The third form of expropriation is that of nature. Capital considers the air, water, and soil to be “free” resources to be used and abused, so long as money can be made. The disharmonies created between society and nature, while existent in previous systems of production, rise to entire new levels with capitalism. The profits accumulated by polluting air, soil, and water allow for great accumulations of capital, always built upon the exploitation of labor, which gives rise to more expropriation of the earth. Nature eventually loses its elasticity, its capacity for regeneration, and this requires an intensification, by chemical and mechanical means, of the expropriation.

We have, then, a final example of the interplay between expropriation and exploitation. Nature is stolen by capital, so that labor can be further exploited. In addition, land, water, even air, are made into commodities that can be bought and sold, again creating new arenas for accumulation. The social costs of capital’s abuse of nature is typically borne by workers and peasants. They live where air pollution is worst, where the soil has been most degraded. They drink contaminated water. Their workplaces and their hunting and fishing grounds are fouled in multiple ways. When floods, hurricanes, and droughts, caused and exacerbated by capitalist-induced global warming, descend upon humanity, the least of us suffer most.

Before we look at how best to resist exploitation and expropriation, it is important to understand that every aspect of production is determined by them. The way work is organized, the lifespan and safety of the product, the engineering and technological profile, all are determined by the metric of profitability. Given that the only active element that can impede capital’s monomaniacal commitment to the bottom line is the workforce, control of labor is of paramount importance. Technology that might encourage employee ingenuity, for example, through using and adjusting machinery or software, will be rejected if there is another technology that give management more control.

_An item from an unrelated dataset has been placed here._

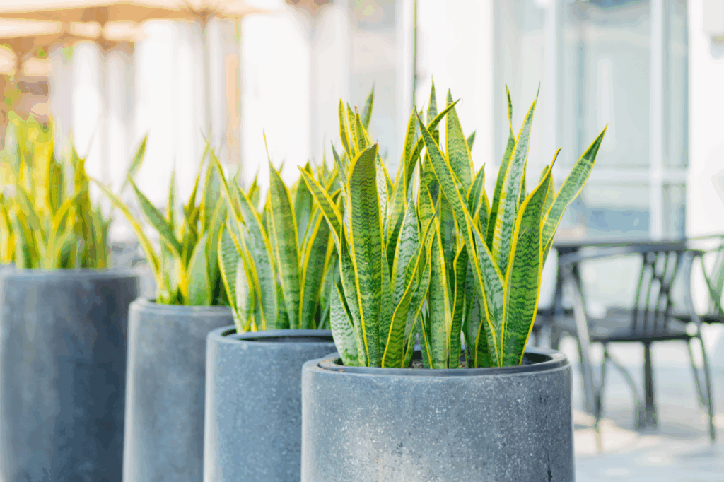 A zamioculca gosta de luz indireta e fica bem bonita em vasos de piso, por exemplo. A espada-de-São-Jorge é uma planta bem resistente e exige pouca manutenção. Ela também resiste bem em ambientes onde o ar-condicionado funciona por longos períodos.

Production methods that could significantly lower global warming will always be rejected if there are more profitable alternatives.

If we look at the world’s dominant economic system in this integrated manner, there are implications for efforts to end its supremacy and replace it with something radically different, one that is its antithesis. The class struggle, combining the organizing of workers and peasants globally, cannot be effectively waged unless racism, patriarchy, and ecological ruin are central to it. This means four things. First, the exploitation and expropriation that are the foundation of capital’s rule must be directly confronted, in equal measure by whatever means necessary, from traditional labor union and political agitations to street protests, occupations, and collective self-help measures as with Cooperation Jackson in Jackson, Mississippi. Peasant uprisings in rural India, inspired by Mao Zedong’s revolution in China are just as important as mass strikes. Both are assaults on capital. The same is true for the Black Lives Matter demonstrations against racist police brutality, the efforts to end the criminal injustice system, and agitations to win national health insurance. Each must be supported at the same time, again in equal proportion and with reference to one another. And doesn’t the full equality of women in all aspects of life demand to be a central and not a peripheral goal of any good society, which, in and of itself, represents an attack on both exploitation and expropriation?

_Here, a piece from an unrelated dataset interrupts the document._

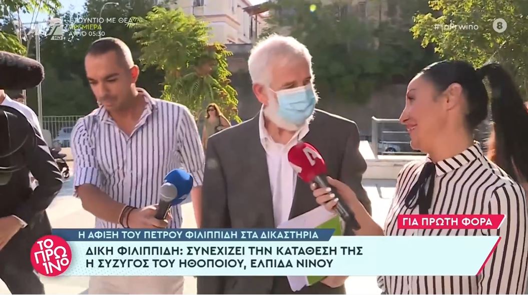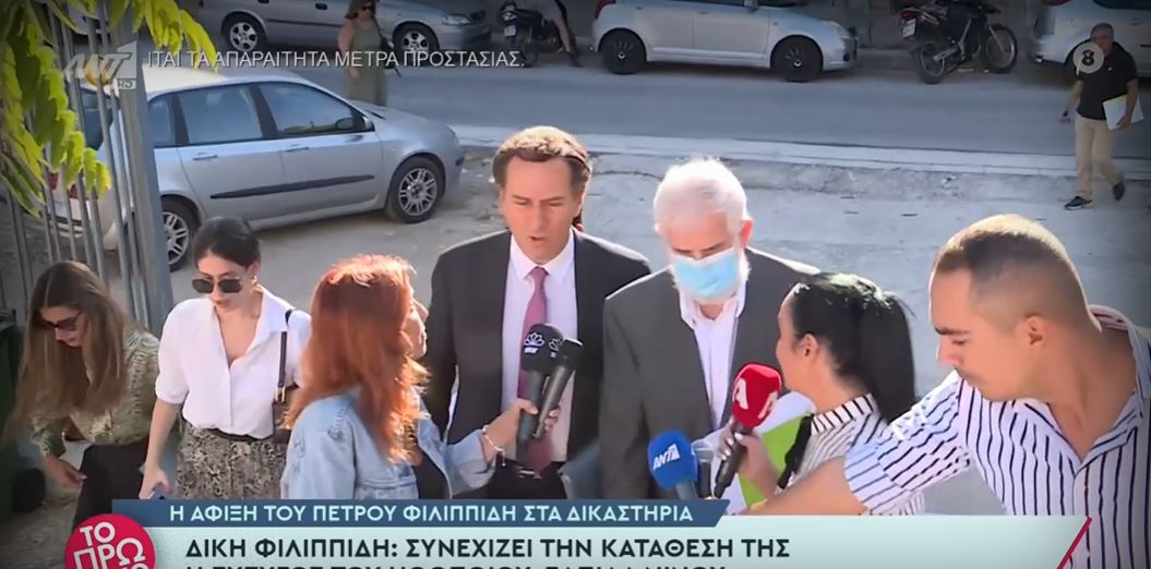 Ο Πέτρος Φιλιππίδης νωρίς το πρωί της Παρασκευής έφτασε στα δικαστήρια κρατώντας φακέλους συνοδευόμενος από τη σύζυγό του, Ελπίδα Νίνου και έναν εκ των δικηγόρων του τον Μιχάλη Δημητρακόπουλου.

Second, we must admit, from any conscientious examination of history, that working class and peasant organizations are themselves riven with racial, gender, and environmental divides. Too often, labor unions, social democratic, and communist political parties have downplayed racism and patriarchy, and they have been even worse with respect to the need for radical environmental transformation. Compounding this neglect has been the tendency for both unions and parties to collaborate with employers, ostensibly to obtain labor peace but in fact to stave off internal rank-and-file revolts.

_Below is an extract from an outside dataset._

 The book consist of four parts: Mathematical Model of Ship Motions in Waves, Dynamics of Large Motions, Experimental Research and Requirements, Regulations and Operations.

We could use many countries as examples, but the richest nation in the world, the United States, is an excellent case in point. Labor unions, even those that supported civil rights laws, have been hotbeds of racism. A radical black labor group, the Dodge Revolutionary Union Movement, picketed both the auto companies and the United Auto Workers in the late 1960s, chanting at union headquarters, “UAW means UAin’t White.” In the 1970s, black steelworkers had to file charges under the civil rights laws against their union, the United Steelworkers, to force the abandonment of an overtly racist seniority provisions in the national collective bargaining agreement. Even today, race is a contentious issue in many unions, and few of labor’s top leaders are black (or Hispanic, Native American, and Asian). The situation is worse with respect to patriarchy. Few unions are led by women, and these are almost always those in which women comprise the majority of members. Women’s issues are seldom given priority either within the unions or in bargaining with employers. Construction unions, which hold a great deal of power within the major labor federation, the AFL-CIO, are bastions of Caucasian culture and crude sexism. In politics, labor doesn’t even have a party aligned with the labor movement. Yet union brass are dedicated to serving the wishes of the Democratic Party, which has long abandoned whatever commitment to the needs of workers it once had. If we look at the environment, some unions are in league with the fossil fuel industry to promote gas and oil production. Global warming doesn’t seem to be on the radar of most labor organizations.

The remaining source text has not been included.